§ **AIM OF THE EXERCISE**: Restate word for word the section of the entries that opens at the line containing "Photocatalyst dye degradation" and closes at the line containing "A4:環境溫度會影響電阻與含", both lines kept, pictures dropped.

§ **EXTRACTED DATA**:
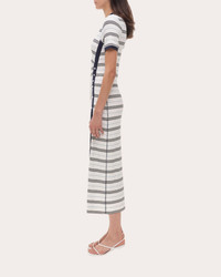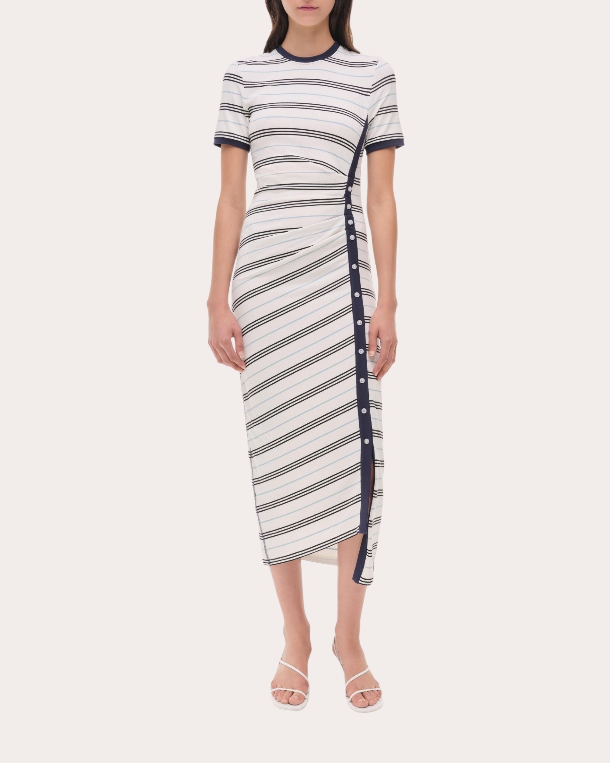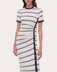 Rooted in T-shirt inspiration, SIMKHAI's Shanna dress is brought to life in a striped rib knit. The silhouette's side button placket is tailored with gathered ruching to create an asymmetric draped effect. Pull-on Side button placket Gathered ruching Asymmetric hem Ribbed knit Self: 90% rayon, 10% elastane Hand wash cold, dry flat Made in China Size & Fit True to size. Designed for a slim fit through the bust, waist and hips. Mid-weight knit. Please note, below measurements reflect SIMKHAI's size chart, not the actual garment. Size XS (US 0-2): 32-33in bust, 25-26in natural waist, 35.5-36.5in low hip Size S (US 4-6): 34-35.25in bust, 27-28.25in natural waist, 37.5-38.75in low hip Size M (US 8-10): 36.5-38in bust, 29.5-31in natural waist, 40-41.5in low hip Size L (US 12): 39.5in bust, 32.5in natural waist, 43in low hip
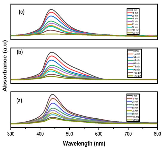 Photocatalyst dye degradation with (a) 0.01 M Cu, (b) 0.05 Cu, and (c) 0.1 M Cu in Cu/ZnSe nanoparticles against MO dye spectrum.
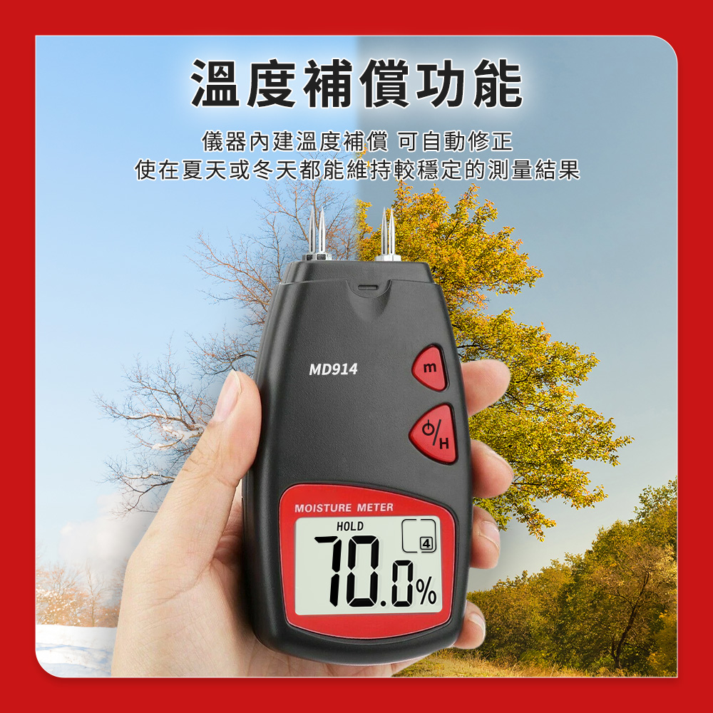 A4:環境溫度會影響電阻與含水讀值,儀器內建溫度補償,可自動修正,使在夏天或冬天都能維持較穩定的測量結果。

...

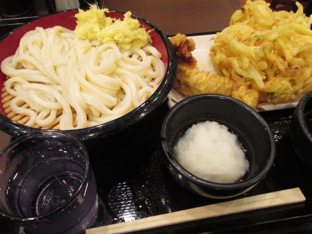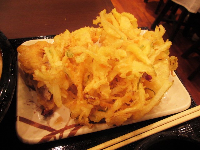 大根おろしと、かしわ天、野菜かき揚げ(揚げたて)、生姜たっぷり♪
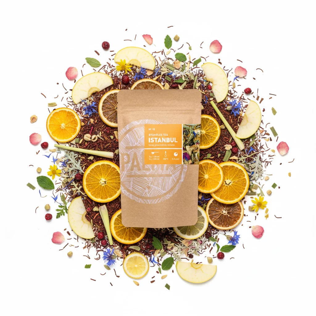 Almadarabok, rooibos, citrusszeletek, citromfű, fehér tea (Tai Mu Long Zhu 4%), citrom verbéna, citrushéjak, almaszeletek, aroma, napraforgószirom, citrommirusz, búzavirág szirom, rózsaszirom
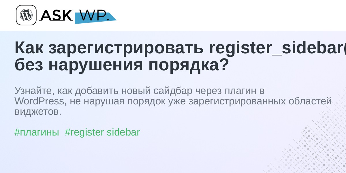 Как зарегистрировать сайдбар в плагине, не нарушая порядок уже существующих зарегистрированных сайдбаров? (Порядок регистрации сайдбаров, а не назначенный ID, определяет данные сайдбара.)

§ **EXERCISE OUTPUT**:
 Photocatalyst dye degradation with (a) 0.01 M Cu, (b) 0.05 Cu, and (c) 0.1 M Cu in Cu/ZnSe nanoparticles against MO dye spectrum.
 A4:環境溫度會影響電阻與含水讀值,儀器內建溫度補償,可自動修正,使在夏天或冬天都能維持較穩定的測量結果。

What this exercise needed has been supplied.